Burhan Sansarlioglu, Emirhan Yilmaz, and Emir Yildirim
03 July 2026•Update: 03 July 2026
Precious metals saw sharp declines in the first six months of the year amid persistent expectations that the Fed would hike rates in the aftermath of the US-Israel-Iran war, which sent shockwaves through energy markets and fueled global inflationary pressures.
Investors sought safe havens amid the escalating geopolitical risks, turning to greenbacks, driving up bond yields, and placing additional pressure on commodity prices.
The Fed was widely expected to raise rates twice by the end of the year, having signaled potential rate hikes and upwardly revised inflation forecasts. Hawkish expectations made up the primary cause of the sharp decline across precious metal prices.
Fed chair Kevin Warsh’s emphasis on price stability in recent statements eased concerns over the bank’s independence, leading to selling pressure on precious metals, especially gold.
Gold started the year at $4,313 per ounce, surging to a record high of $5,600 in January, ending February at $5,263 per ounce, up 8.5%. Gold reversed course, falling as low as $4,099 in March, ending the month at $4,667 per ounce, down 11.32%, marking the sharpest monthly drop since the 2008 financial crisis.
Gold lost 1% in April and another 1.77% in May, closing the month at $4,540 per ounce, while after falling 11.7% in June, gold dropped 7.1% in the first half to $4,007 per ounce.
Silver was even more sensitive to global growth concerns due to its widespread use in industrial applications, ending the first half with a whopping 17.4% loss.
Silver hit a record high of $121.7 per ounce in January, after starting the year at $71, closing the first month of the year with a 17.2% increase to $83.3 per ounce. Silver rose 12.6% in February to $93.8 per ounce, but then dropped as low as $61 in March, closing the month down 19.9% at $75.1 and down 1.8% at $73.7 per ounce in April.
Silver rebounded at the end of May with a 2.1% rise to $75.3 per ounce, but it dropped 22.1% to $58.7 in June amid the broader market volatility, ending the first half with a 17.4% decline.
Meanwhile, the platinum market is expecting a surplus in the first half of the year due to an increase in mine production and a decline in investment demand, according to the World Platinum Investment Council.
Platinum also suffered from geopolitical risks and strengthening greenbacks, starting with a record high of $2,923.3 per ounce in January, ending the month with a 6.2% rise at $2,182.2, closing February at an 8.5% increase at $2,366.5, and sharply declining in March by 17.2% to $1,960.1 per ounce.
Platinum rose 1.6% in April to $1,991.4 but fell again in May to $1,922.6, closing June at $1,443, down 19.2%, and closing the half with a 24.4% decline.
Structural changes in China’s auto sector and a shift towards electric vehicles (EVs) dampened long-term demand expectations for palladium, driving its ounce price to drop by a staggering 24.2% over the six-month period.
Palladium started the year at $1,603 per ounce, rose 7% to $1,713.3 in January and climbed 4.4% to $1,788.7 in February. After falling 17% to $1,484.8 in March, the ounce price of palladium rebounded slightly in April, rising 3.3% to $1,533.9.

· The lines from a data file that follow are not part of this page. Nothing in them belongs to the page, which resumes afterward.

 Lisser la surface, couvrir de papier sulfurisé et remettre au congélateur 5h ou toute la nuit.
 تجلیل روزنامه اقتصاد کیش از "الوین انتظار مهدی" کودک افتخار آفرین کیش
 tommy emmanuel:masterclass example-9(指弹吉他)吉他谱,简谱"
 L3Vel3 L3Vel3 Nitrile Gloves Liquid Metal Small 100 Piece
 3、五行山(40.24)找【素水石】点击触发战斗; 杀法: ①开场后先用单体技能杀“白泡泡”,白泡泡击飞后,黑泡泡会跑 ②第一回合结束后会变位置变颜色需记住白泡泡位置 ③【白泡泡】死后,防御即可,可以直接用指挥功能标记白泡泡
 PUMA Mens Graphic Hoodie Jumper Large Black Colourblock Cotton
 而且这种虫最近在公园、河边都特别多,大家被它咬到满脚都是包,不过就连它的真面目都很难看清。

Palladium fell 11.4% to $1,359.6 in May and dropped by 10.8% to $1,212 in June.
Zafer Ergezen, a futures and commodities expert, told Anadolu that the expectations for a silver price rebound faded as high inflation dampened global growth projections.

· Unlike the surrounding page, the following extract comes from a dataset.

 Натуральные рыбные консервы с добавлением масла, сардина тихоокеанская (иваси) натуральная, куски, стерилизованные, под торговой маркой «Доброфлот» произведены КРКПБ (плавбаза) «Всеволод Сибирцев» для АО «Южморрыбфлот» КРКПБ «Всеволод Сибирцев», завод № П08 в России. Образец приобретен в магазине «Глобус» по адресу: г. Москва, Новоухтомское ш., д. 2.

Ergezen said silver is facing massive selling pressure and any price rallies will likely result in profit-taking until rate cuts resume or expectations for rate cuts come to the fore.
He noted that the $50-55 range could be a strong support level for silver, while sustained upward movements are highly unlikely in the short term with bond yields continuing to rise and the US Dollar Index remaining strong, which means any upward momentum in precious metals will be limited.